Some students stopped outside the school after dismissal Wednesday to get free "ele-friend" stickers from the People for the Ethical Treatment of Animals and hug an activist wearing a fuzzy elephant costume.
But an end-of-the-day announcement over the school's loudspeaker warning children not to speak to strangers - even those in costume - foiled the animal rights group's plans to reach hundreds of impressionable minds.
Even those youngsters who couldn't resist the costumed character seemed oblivious to the "circuses are no fun for animals" signs, and they didn't seem to notice the strip of gauze with a splash of fake blood around the fuzzy elephant's head.
"I want to go to the circus!

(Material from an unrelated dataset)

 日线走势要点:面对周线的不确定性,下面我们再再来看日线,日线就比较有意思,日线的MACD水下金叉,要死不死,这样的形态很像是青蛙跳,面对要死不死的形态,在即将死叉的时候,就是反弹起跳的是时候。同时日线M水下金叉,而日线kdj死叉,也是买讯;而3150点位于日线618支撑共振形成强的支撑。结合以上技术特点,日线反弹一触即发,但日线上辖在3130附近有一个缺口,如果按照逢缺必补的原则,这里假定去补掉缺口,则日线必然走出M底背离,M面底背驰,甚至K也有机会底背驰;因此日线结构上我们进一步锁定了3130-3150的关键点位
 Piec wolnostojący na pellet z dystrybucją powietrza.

I want to go to the circus," Torrie Harris said excitedly as she got her hug and circus animal cruelty book from the PETA protesters.
Her mother, LaWanda Sanders, wasn't particularly moved by the "Animals Belong in the Jungle" activity book her daughter received. Sanders said she already has plans to take her children to the Ringling Bros. and Barnum & Bailey Circus when it comes to town later this month.

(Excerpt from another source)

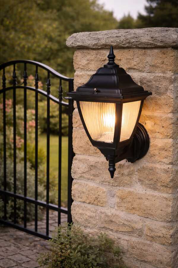 Kare Konsollu Fener Bahçe Aydınlatma Armatürü SİYAH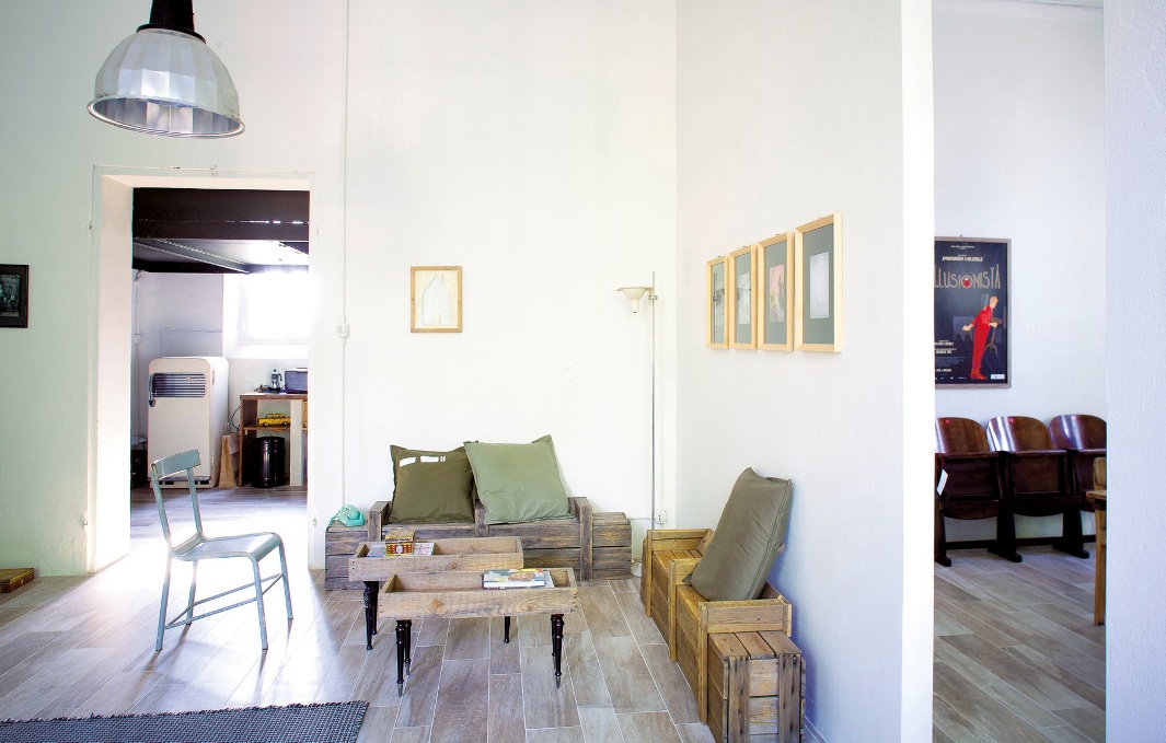 Siamo tra i muri di una scuola primo ’900, in un borghetto vicino a Reggio Emilia: pochi mobili grezzi, tanto spazio e un’atmosfera accogliente.

"On the 21st," she said. "I sure am."
PETA is an animal rights organization known for demonstrations and advertisements designed to draw media attention to their cause. Activists are in this area to protest the upcoming performances of the circus at the Savannah Civic Center Jan. 21-24.
The organization has spoken out against everything from wearing fur and eating meat to President Barack Obama killing a fly during a televised interview. After University of Georgia mascot Uga VII died last year, the organization urged athletic director Damon Evans to replace him with an animatronic dog.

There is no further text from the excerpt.